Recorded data
::::::::::

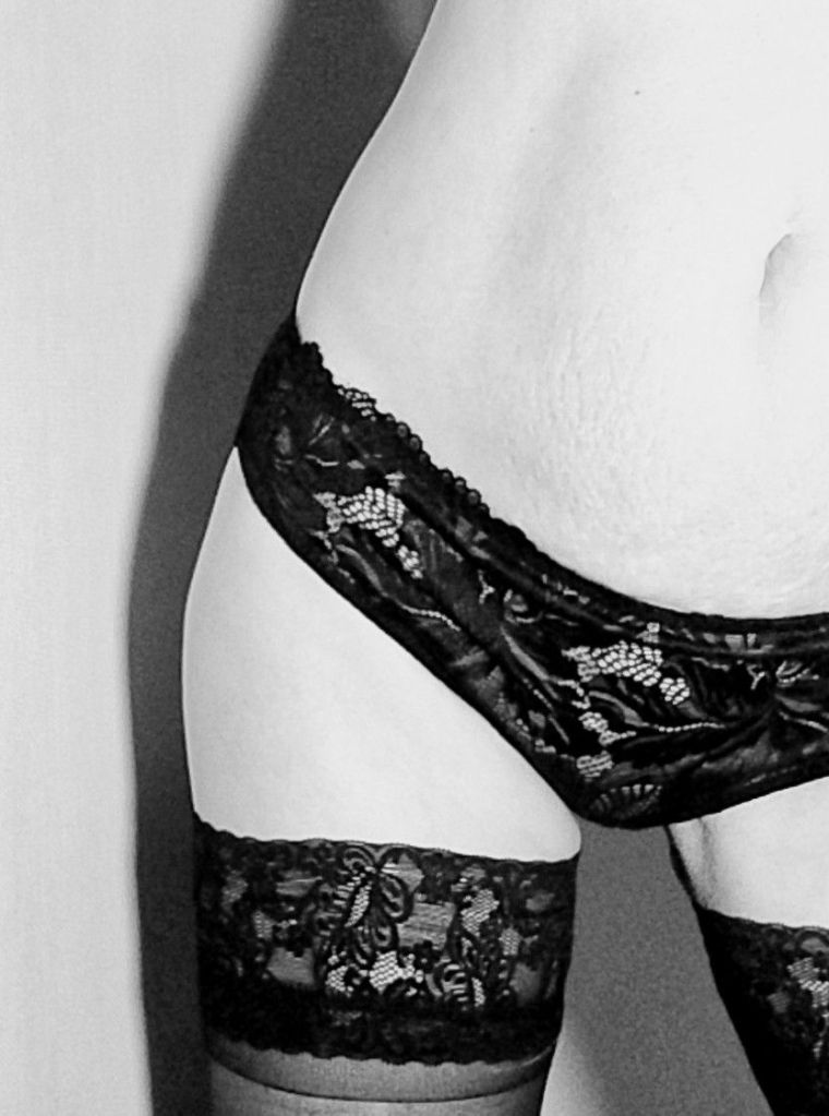 The corner of his mouth is curled into a cheeky smile, as the watches the way she moves from the door to his table. Something about her movements are more deliberate, and the certainty is what appeals. Her legs in particular take his attention. They are long, though at first you don’t see how long. They are shapely, he later discovers that its due to her athleticism. Her ankles, feet and toes are shapely and proportionate. She paints her toe nails. The lace top stockings she is wearing today are slick against her skin, waiting for his touch.
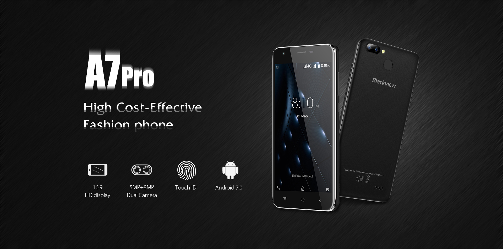 Blackview A7 Pro 4G Smartphone 5.0 inch Android 7.0 MTK6737 Quad Core 1.3GHz 2GB RAM 16GB ROM 8.0MP + 0.3MP Dual Rear Cameras Fingerprint Scanner.
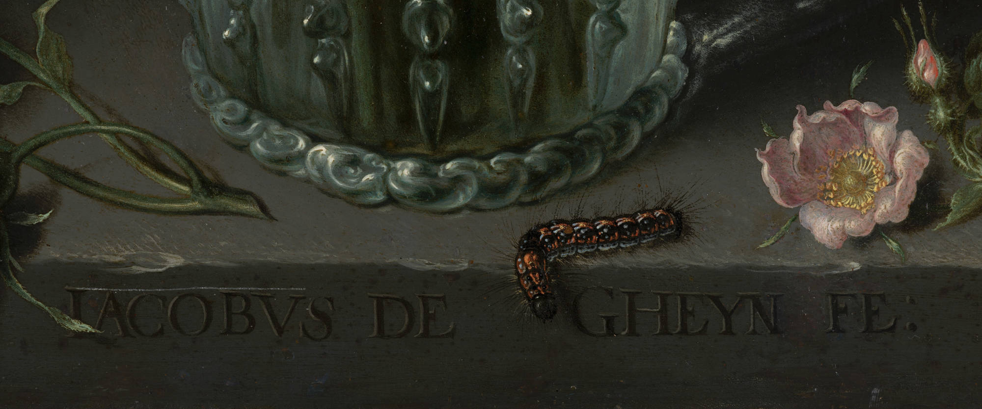 De Gheyn has not copied an existing bouquet, as the flowers depicted here bloom at different times of the year. He was concerned instead with painting a ‘portrait’ of the most beautiful flowers. This is why he placed them all at the front of the bouquet, where they were equally visible.
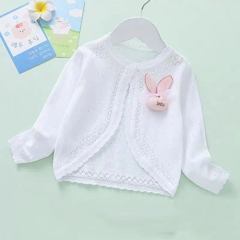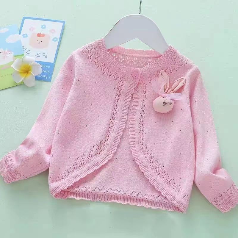 어린이 및 소녀 에어컨 셔츠 니트 아기의 할로우 어깨 허리 코트 봄과 여름 태양 보호 의류 긴 소매 카디건 작은 목도리
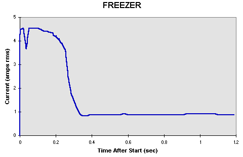 Voltage 115 V AC Frequency 60 Hz Amps 5.0 Mfr. Date early to mid 1970s Results of one measurement are shown in the plot below. It shows a maximum inrush current of less than 5 amps which lasts only about 0.3 seconds. Also, the running current is significantly less than the nameplate value. It should be noted that most freezers are "frost free." However, this one is not.
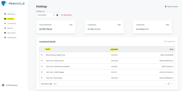 • If applicable, select the investor from the dropdown at the top.
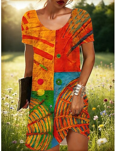 Femmes Mini Robe Robe bohème Robe Décontractée Robe T-Shirt ancien Quotidien Extérieur Vacances Coupe régulière Graphique Multicolore Manche Courte Col ras du cou Rouge Été Printemps

::::::::::

The copy must reproduce every entry exactly while excluding all pictures.

### Result of this task
 The corner of his mouth is curled into a cheeky smile, as the watches the way she moves from the door to his table. Something about her movements are more deliberate, and the certainty is what appeals. Her legs in particular take his attention. They are long, though at first you don’t see how long. They are shapely, he later discovers that its due to her athleticism. Her ankles, feet and toes are shapely and proportionate. She paints her toe nails. The lace top stockings she is wearing today are slick against her skin, waiting for his touch.
 Blackview A7 Pro 4G Smartphone 5.0 inch Android 7.0 MTK6737 Quad Core 1.3GHz 2GB RAM 16GB ROM 8.0MP + 0.3MP Dual Rear Cameras Fingerprint Scanner.
 De Gheyn has not copied an existing bouquet, as the flowers depicted here bloom at different times of the year. He was concerned instead with painting a ‘portrait’ of the most beautiful flowers. This is why he placed them all at the front of the bouquet, where they were equally visible.
 어린이 및 소녀 에어컨 셔츠 니트 아기의 할로우 어깨 허리 코트 봄과 여름 태양 보호 의류 긴 소매 카디건 작은 목도리
 Voltage 115 V AC Frequency 60 Hz Amps 5.0 Mfr. Date early to mid 1970s Results of one measurement are shown in the plot below. It shows a maximum inrush current of less than 5 amps which lasts only about 0.3 seconds. Also, the running current is significantly less than the nameplate value. It should be noted that most freezers are "frost free." However, this one is not.
 • If applicable, select the investor from the dropdown at the top.
 Femmes Mini Robe Robe bohème Robe Décontractée Robe T-Shirt ancien Quotidien Extérieur Vacances Coupe régulière Graphique Multicolore Manche Courte Col ras du cou Rouge Été Printemps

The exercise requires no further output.